Problem details: Copy, exactly as written, the lines that begin at the one containing "展示会場には国内外から214 社の ITベンダーが集結し、これからの" and end at the one containing "TCSG 68 Sahil". Skip any pictures in the data below.

(Beginning of Records to use)

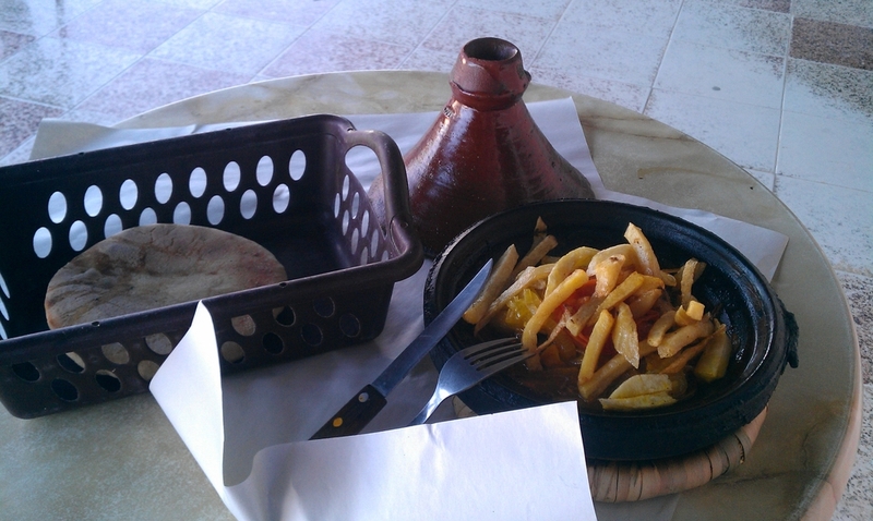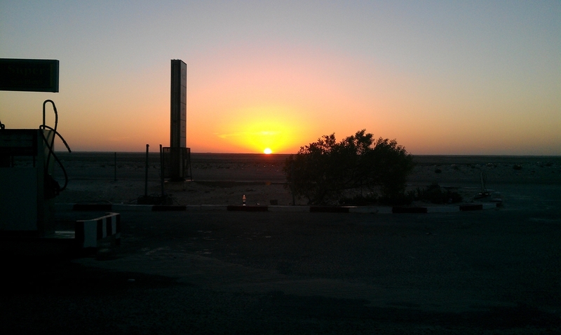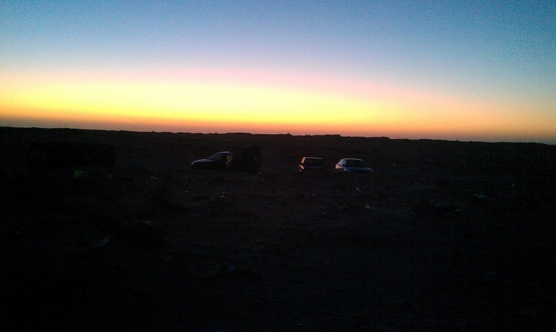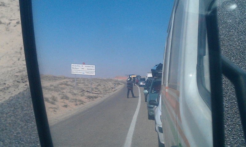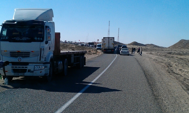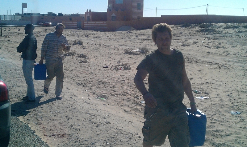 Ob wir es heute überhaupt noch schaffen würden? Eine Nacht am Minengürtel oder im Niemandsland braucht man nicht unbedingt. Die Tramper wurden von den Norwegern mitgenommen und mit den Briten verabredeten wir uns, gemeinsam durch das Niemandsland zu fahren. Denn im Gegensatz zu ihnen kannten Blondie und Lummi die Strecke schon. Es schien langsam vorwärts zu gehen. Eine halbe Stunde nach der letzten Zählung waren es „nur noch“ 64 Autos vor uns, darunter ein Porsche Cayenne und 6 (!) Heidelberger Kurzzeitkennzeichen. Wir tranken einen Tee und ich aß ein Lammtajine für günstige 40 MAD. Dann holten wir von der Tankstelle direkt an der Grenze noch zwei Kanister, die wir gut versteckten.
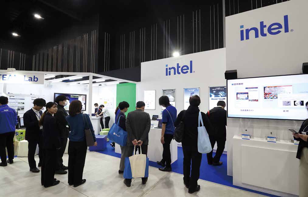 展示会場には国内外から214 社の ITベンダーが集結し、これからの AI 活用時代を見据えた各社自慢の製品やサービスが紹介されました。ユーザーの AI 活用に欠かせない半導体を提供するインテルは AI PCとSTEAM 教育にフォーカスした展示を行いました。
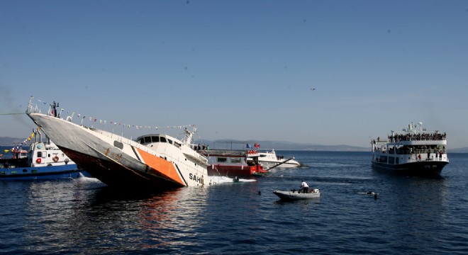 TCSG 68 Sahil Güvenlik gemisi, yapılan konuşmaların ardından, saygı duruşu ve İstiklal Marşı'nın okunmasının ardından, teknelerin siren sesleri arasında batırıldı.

(End of Records to use)
(Beginning of Records to use)

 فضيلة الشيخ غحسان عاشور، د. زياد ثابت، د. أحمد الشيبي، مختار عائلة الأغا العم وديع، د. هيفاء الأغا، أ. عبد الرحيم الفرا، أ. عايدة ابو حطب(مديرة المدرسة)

(End of Records to use)

Solution to the problem:
 展示会場には国内外から214 社の ITベンダーが集結し、これからの AI 活用時代を見据えた各社自慢の製品やサービスが紹介されました。ユーザーの AI 活用に欠かせない半導体を提供するインテルは AI PCとSTEAM 教育にフォーカスした展示を行いました。
 TCSG 68 Sahil Güvenlik gemisi, yapılan konuşmaların ardından, saygı duruşu ve İstiklal Marşı'nın okunmasının ardından, teknelerin siren sesleri arasında batırıldı.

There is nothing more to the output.